Read more in the full article here.
 

Related articles:
Apple releases OS X Lion Recovery Disk Assistant; creates Lion Recovery on external drive – August 9, 2011
Apple debuts Lion Recovery; lets users repair disks or reinstall Mac OS X Lion without physical disc – July 20, 2011
Mac users can reinstall OS X Lion over the Internet from Apple’s servers – July 19, 2011

36 Comments

  1. Whoa!

    Don’t go off half cocked. This flash drive, I think, has the full download on it, so does not require an internet connection to install.

    The one you do yourself from the Recovery Disk Assistant still requires an internet connection to download the software.

    Not the same pony at all!

    1. i made one with “restore” in disc utility and have installed it on several macs without connecting to the internet. Do you mean after you install and restart to register your machine?

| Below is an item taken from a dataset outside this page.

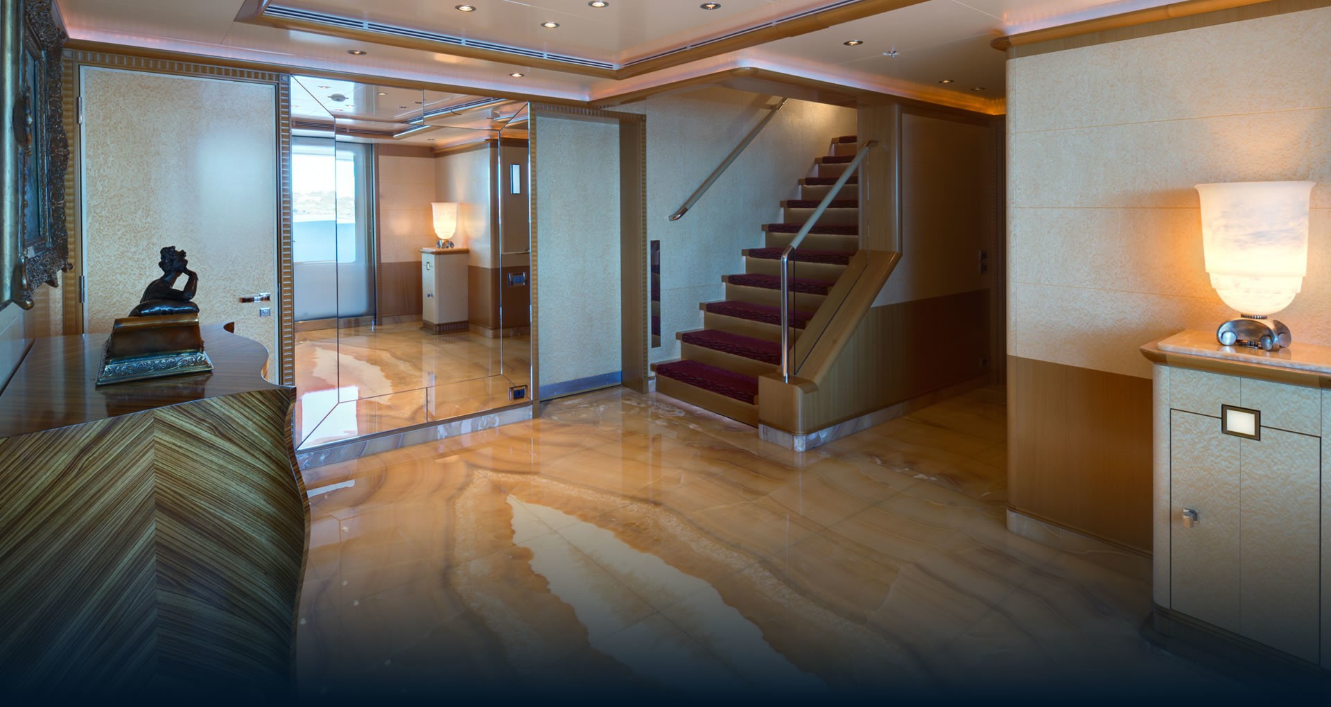 This is a dry dock for the custom built tender which disembarks guests directly inside the yacht which can be “flooded” when the tender is outside and forms a 12 metre swimming pool with underwater lighting and steps. Port side in this area is home to the 6 waverunners. This area also features a wet bar and bathroom with steam shower.

  2. There are loads of online tutorials out there giving clear concise instructions on how to create your own bootable Lion installation DVD or USB stick. Spending $69 on this is Apple’s way of saying ‘FU’ by way of ‘Revenge of the Nerds.’ I don’t even know why Apple is charging such a ridiculous sum of money for something that merely adds $4 to the cost of a downloadable version of Lion.

  3. You can still make a full Lion install/Recovery USB drive cheaper by using the Lion download from the App Store. I just made one of these USB drives; Instructions are at the Macworld website.

  4. Does anyone know if someone could load this onto a freshly formatted HD and use Lion without the previous Snow Leopard already installed?
    In other words do a clean install of Lion?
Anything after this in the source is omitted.